If the answers to most of these are vague or "we'll work that out during the project," the project is going to overrun. We've watched it happen too many times.

Where Australian businesses typically get caught

A few patterns come up over and over.

Underestimating the cost of doing this properly. A capable AI agent for a small workflow costs maybe forty to seventy thousand dollars to build. The security, compliance, monitoring and operational wrapper around it often costs more than the agent itself. Boards and finance teams often see the build cost in a pitch deck and assume that's the project. The actual range for a production-ready, regulated-industry agent in Australia is more like one hundred and twenty thousand to four hundred thousand dollars depending on complexity. Some larger insurer and bank programs run well over a million when you include the platform investments needed to support multiple agents.
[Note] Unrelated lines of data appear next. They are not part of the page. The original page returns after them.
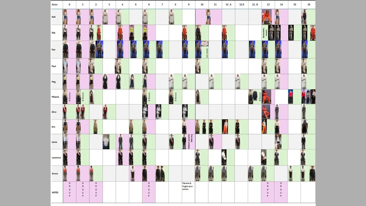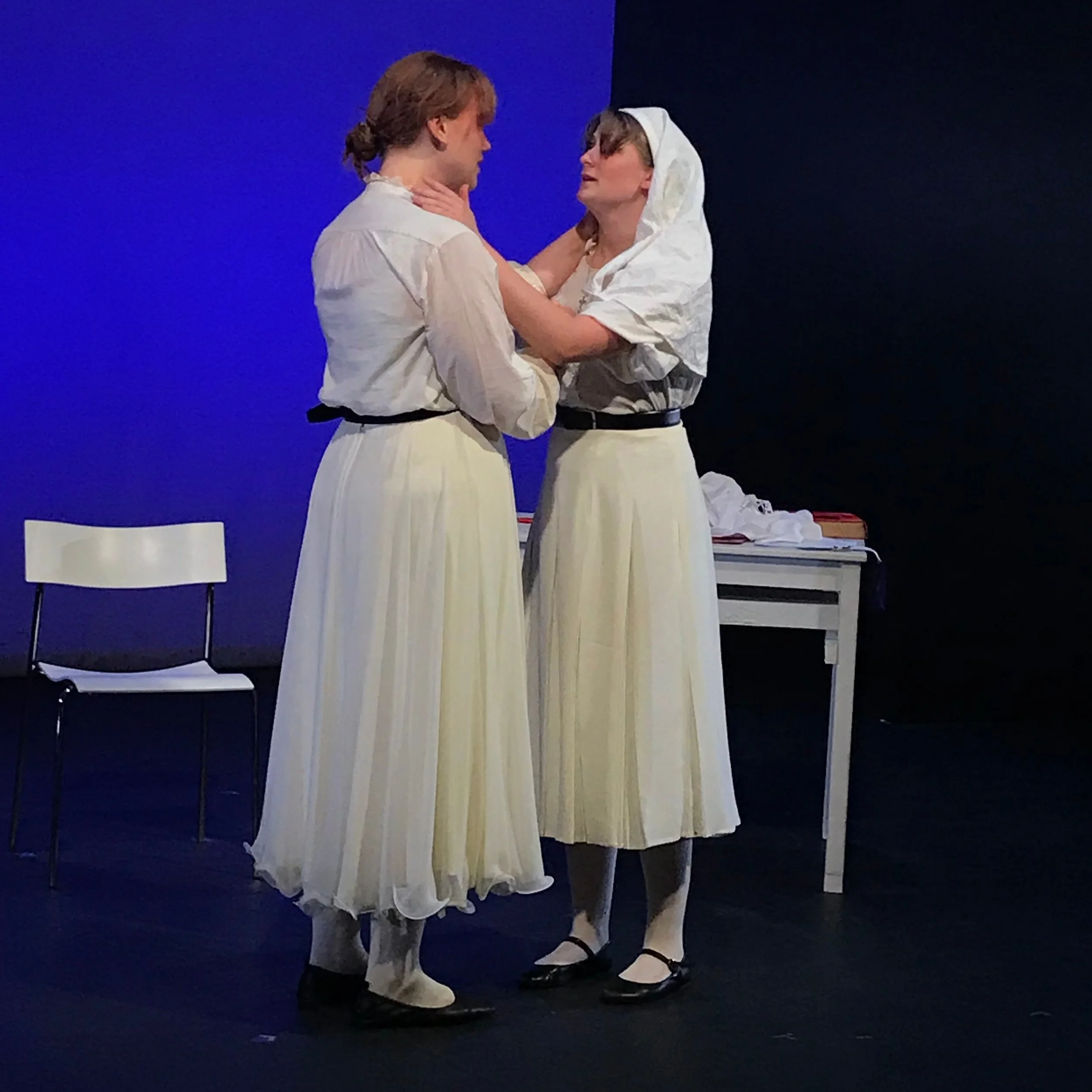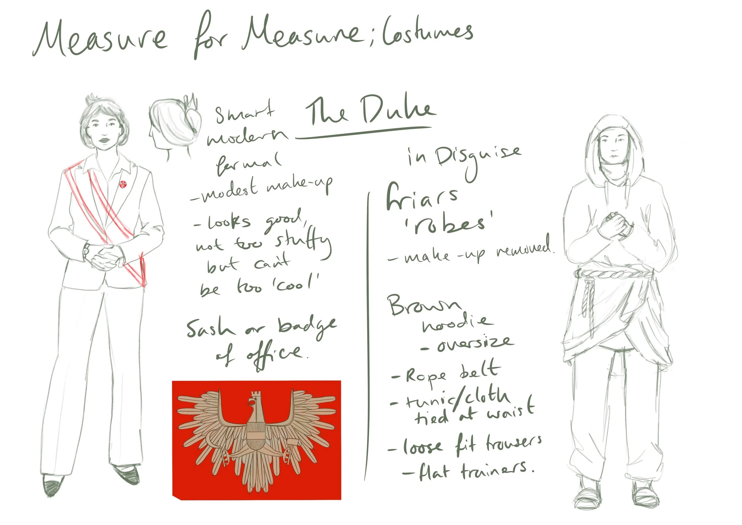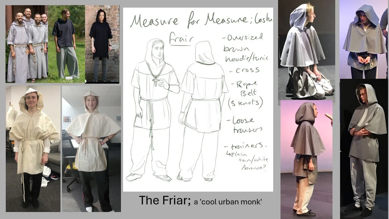 A 5-week process from receiving the script to opening night. I spent the first week in the rehearsal room designing as the actors did table work. All costumes were realised with help from one assistant and on a budget of £200.
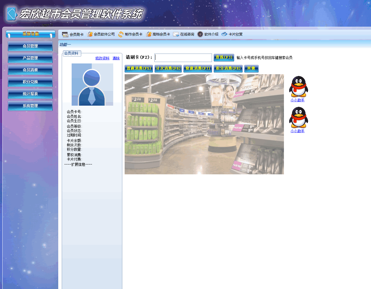 宏欣超市会员管理软件是一款专为中小型超市所准备的会员管理软件。软件支持为每位客户设置会员档案,支持自定义优惠方式,可轻松实现会员生日提醒、库存报警等功能,支持短信群发功能,大大节省简化您的日常管理操作。
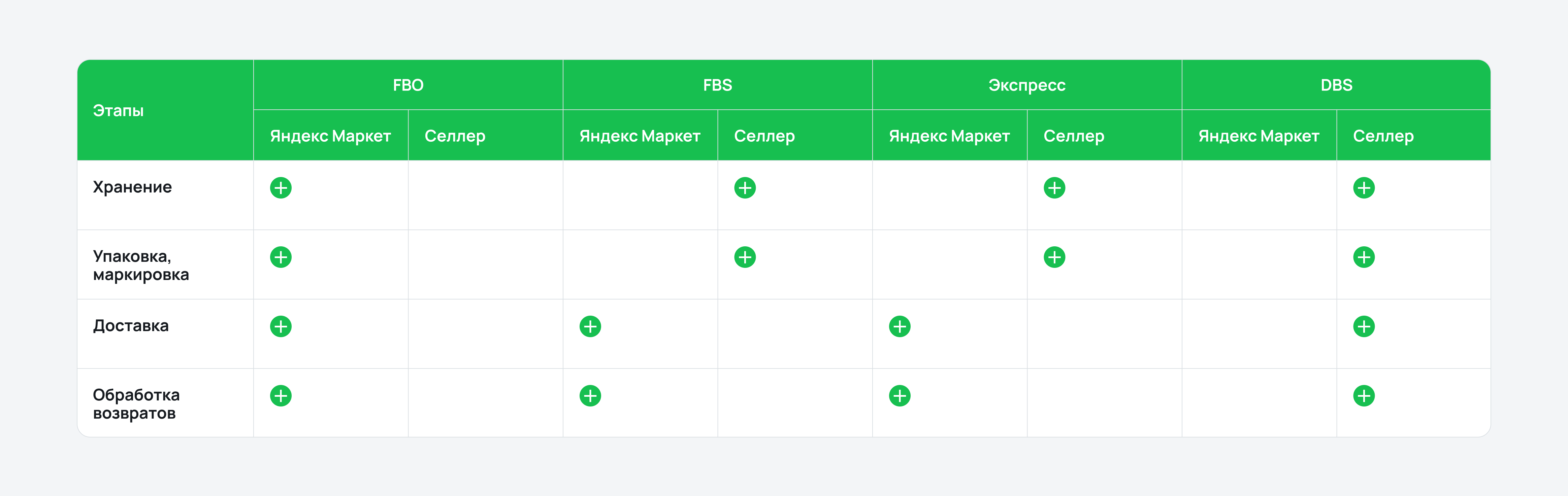 Такая схема работы подразумевает полное погружение в логистические процессы. Яндекс Маркет выступает только в роли витрины, а все остальное делает продавец: обрабатывает заказы, упаковывает и маркирует товары, доставляет вещи до покупателя и принимает возвраты. Это модель вам подойдет, если вы продаете скоропортящуюся или крупногабаритную продукцию.
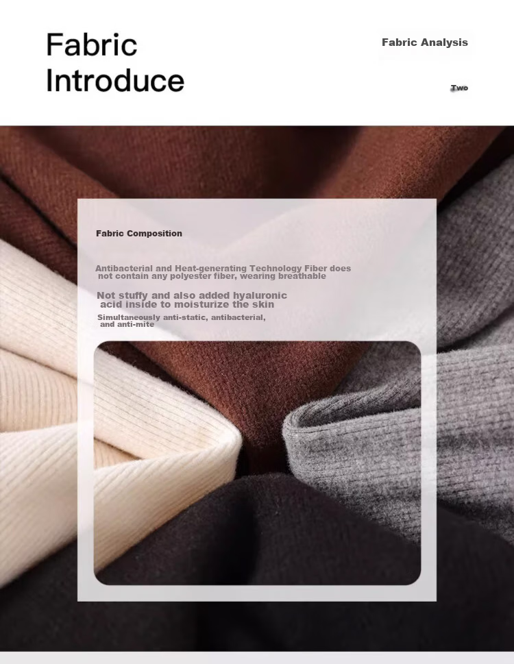 - Antibacterial heating technology fiber without any polyester fiber, breathable and moisture-wicking, added hyaluronic acid for skin hydration, anti-static, antibacterial, and anti-mite properties.
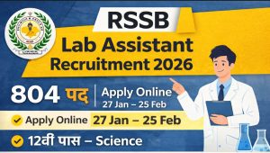 Rajasthan Staff Selection Board (RSSB) / RSMSSB ने Lab Assistant Recruitment 2026 के लिए Advt No. 05/2026 जारी कर दिया है। इस भर्ती के अंतर्गत कुल 804 पदों पर योग्य अभ्यर्थियों का चयन किया जाएगा। जो उम्मीदवार Rajasthan Lab Assistant Exam 2026 में रुचि रखते हैं, वे 27 January 2026 से 25 February 2026 तक ऑनलाइन आवेदन कर सकते हैं।
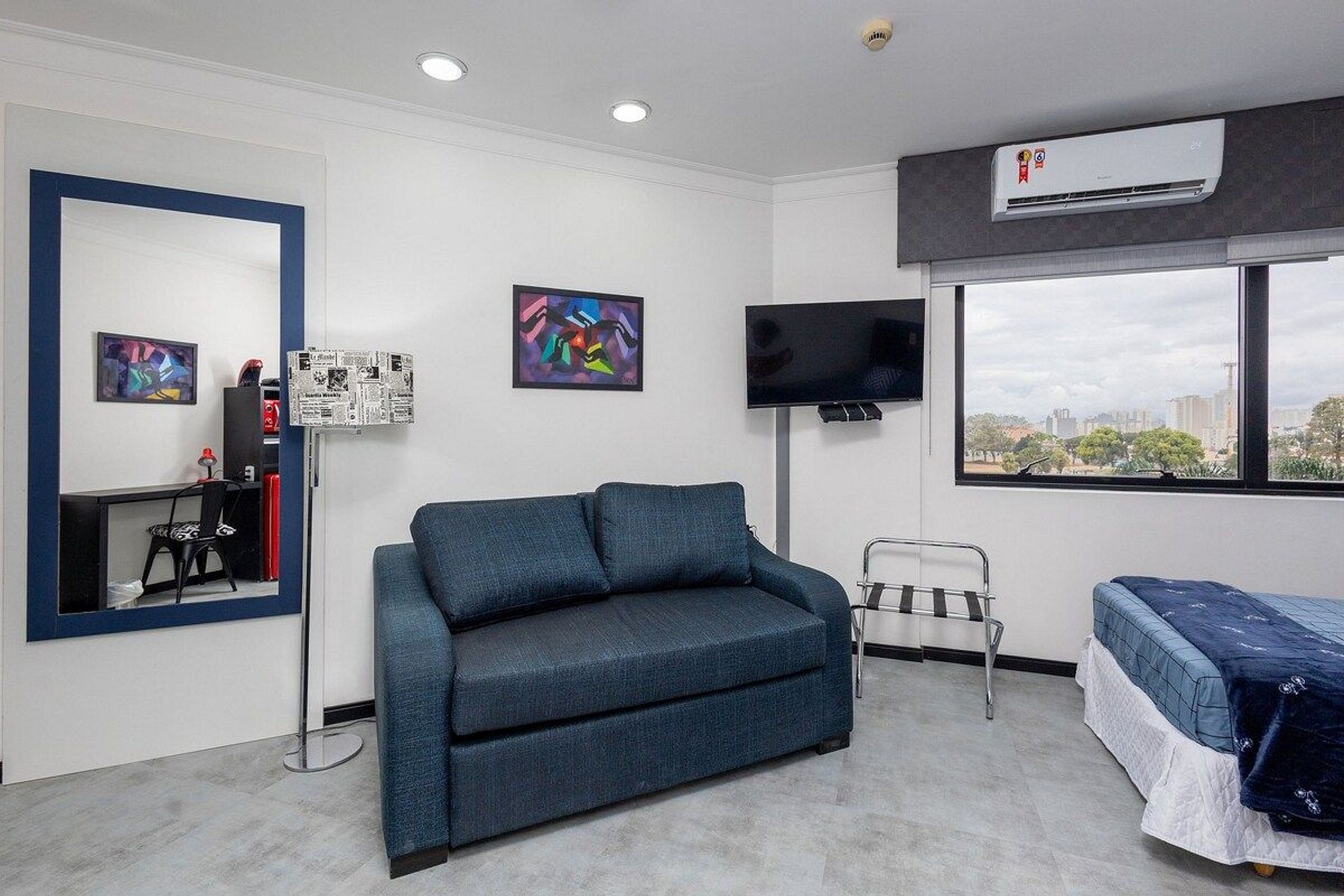Este espaço elegante é um cenário moderno para sua estadia. Fica no bairro do Campo Belo, Na frente da Entrada principal do Aeroporto de Congonhas Flat com ótima estrutura e conforto, em condomínio moderno, de fácil acesso a qualquer ponto: transportes públicos, Aeroportos, shopping, farmácia, mercados e Parques. Melhor estrutura de lazer e segurança para tranquilidade de sua estadia.
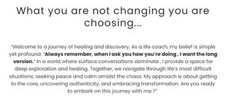 “Welcome to a journey of healing and discovery. As a trauma recovery and empowerment coach, my belief is simple yet profound: ‘Always remember, when I ask you how you’re doing , I want your long story.’ In a world where surface conversations dominate , I provide a space for deep exploration and healing. Together, we navigate through life’s most difficult situations, seeking peace and calm amidst the chaos. My approach is about getting to the core, uncovering authenticity, and embracing transformation. Are you ready to embark on this journey with me ?”
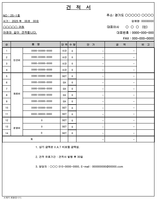아래는 견적서 예시 양식입니다. 필요에 맞게 수정하여 사용하세요!

Buying platforms before designing the operating model. Microsoft Copilot Studio, Azure AI Foundry, OpenAI, Anthropic, Google, the open source stacks. They're all capable. Which one is right depends on your existing estate, your data classification, your identity story and what your security team is willing to operate. Picking the platform first and then finding it doesn't fit your security model is a very expensive way to learn this lesson.

Treating governance as a workstream that runs alongside the build. It needs to be the first workstream. Governance decisions constrain the architecture. Architecture choices made before governance is settled almost always need rework.

Assuming the vendor's security posture covers your security posture. Microsoft Azure is secure. Your tenant configuration might not be. AWS Bedrock is secure. Your IAM policies might not be. Shared responsibility models exist for a reason. Read them.

When you actually need outside help

Not every agent project needs a consulting firm. If you've got an experienced security team that has shipped regulated workloads before, you're competent in the platform you're using, and the agent has a narrow scope, you can probably run this internally.

We get called in when one of three things is true. The team is competent on the AI side but not on the security side. The team is competent on security but is new to agent architectures. Or the project has already been through one cycle of security pushback and the sponsor needs someone to redesign it so the next review actually passes.

Honestly, the third one is the most common reason the phone rings. If you're in that position, the post-mortem on what went wrong the first time is usually more valuable than the redesign. The same patterns will repeat with the next agent if you don't fix them now.

If you want to talk through any of this, get in touch. Our AI agent development practice handles end-to-end builds, and our AI strategy team works with executive sponsors who need to figure out the operating model before they commit to a platform. For regulated industries specifically, our work in financial services and healthcare has shaped most of the patterns in this post.

The agent projects that succeed in Australia in 2026 are the ones where security and compliance were buying criteria, not project deliverables. Make them yours and the rest of the project gets a lot easier.